Penny Goring’s dolls are embroidered with needlestick messages: on the grey one, “forever open arms”; on the turquoise one, “we was wild lies”; on the pink one, “oh wow fuck pain,” on the white one, a simple signal-red “NO.” Goring likes to make the process arduous for herself; the dolls are handsewn with a tiny needle. They are headless and handless, forced into open position, broad hips, stretched arms, pointed stumps, ending in no feet. The limbs of the dolls are stuffed full, almost bursting. Voodoo dolls are stiff like that. Goring uses colors to the full: the green is deep dark, the brown is golden, the white is like snow. The accessories stitched onto the dolls taunt the eye: tiny pieces of faux jewelry, small lace thigh garters, cheap mini-pearls, and synthetic silk ribbons. In the middle of this row of dolls hangs the royal red queen. Double in size compared to her cohorts, she seems the leader of the gang. On her torso, pelvis, and legs the message Is sewn: “For / ever / murder In my heart / love♥ in my hands”. Dolls represent a long-burning cultural issue, most recently reiterated due to the curious mix-up of the hyper-consumerist and truism-feminist blockbuster movie Barbie (2023), directed by Greta Gerwig. Dolls are proxies; they are fetish objects onto which ideals, fears, and wishes are projected. Dolls have always been a teaching instrument too, showing small girls how to emulate role models of perfect wives and mothers. While playing, we wonder and plan what we might become. Pink dreams, plastic-fantastic, emancipated?

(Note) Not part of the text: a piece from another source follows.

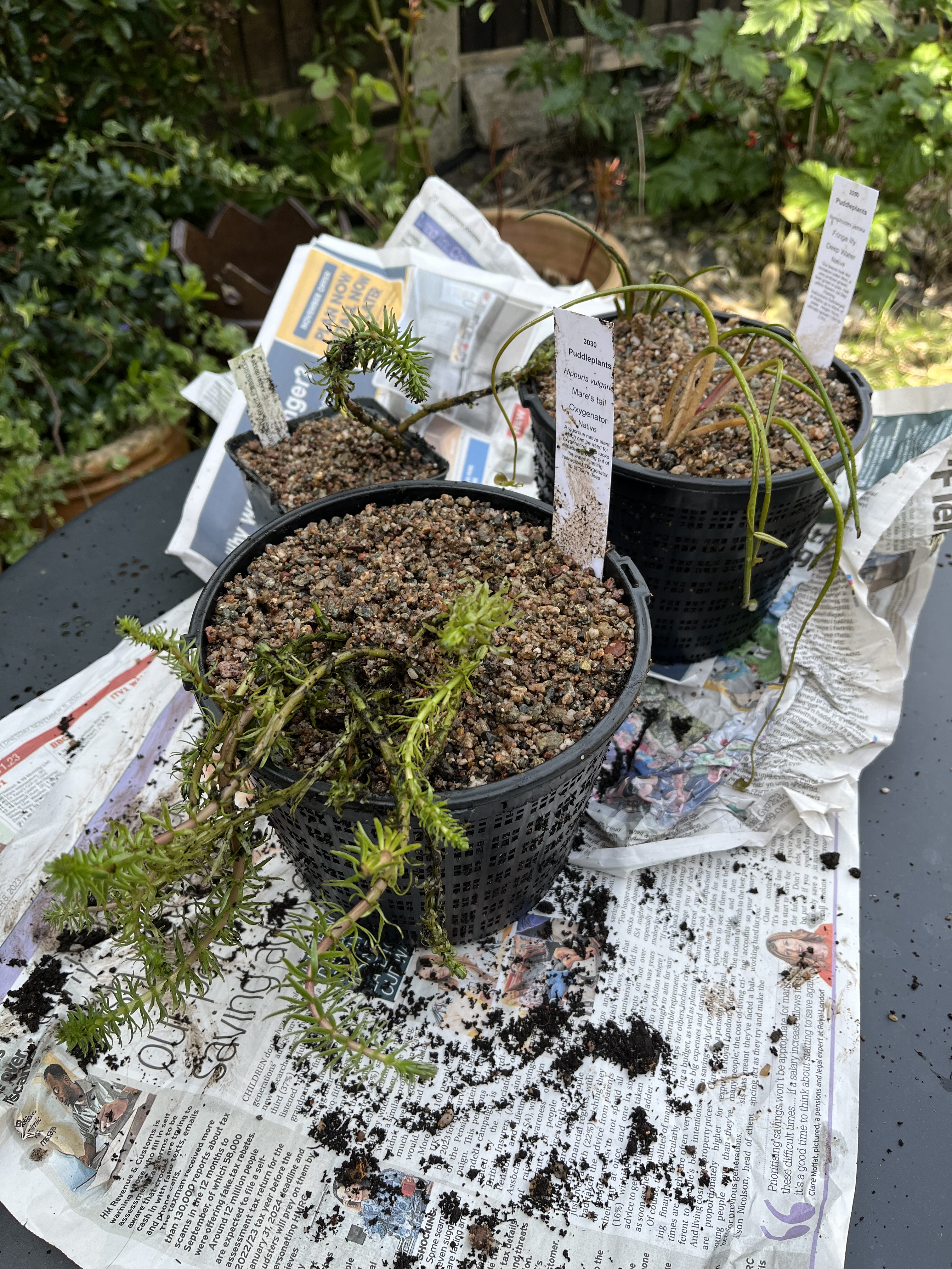 I potted up the plants and topped them with gravel. I had a bit of soil left over so I took off a bit of the Mare’s Tail and made a tiny pot for a flowerpot pond. I then put them in their new home:

The surrealists knew the atrocious attraction of dolls. Think of Hans Bellmer’s doll sculptures from the 1930s or Frida Kahlo’s painting Me and My Doll (1937). Goring’s work has something surrealist to it too – in the combination of flamboyant precision with deeply dark content and visual terror. Her textile work calls to mind, more than anyone else, Louise Bourgeois: poetry made manifest, scary, beautiful, aberrant, figures with bizarre proportions. Like those of Bourgeois, Goring’s strange bodily works channel awkward, messy feelings with both warmth and horror.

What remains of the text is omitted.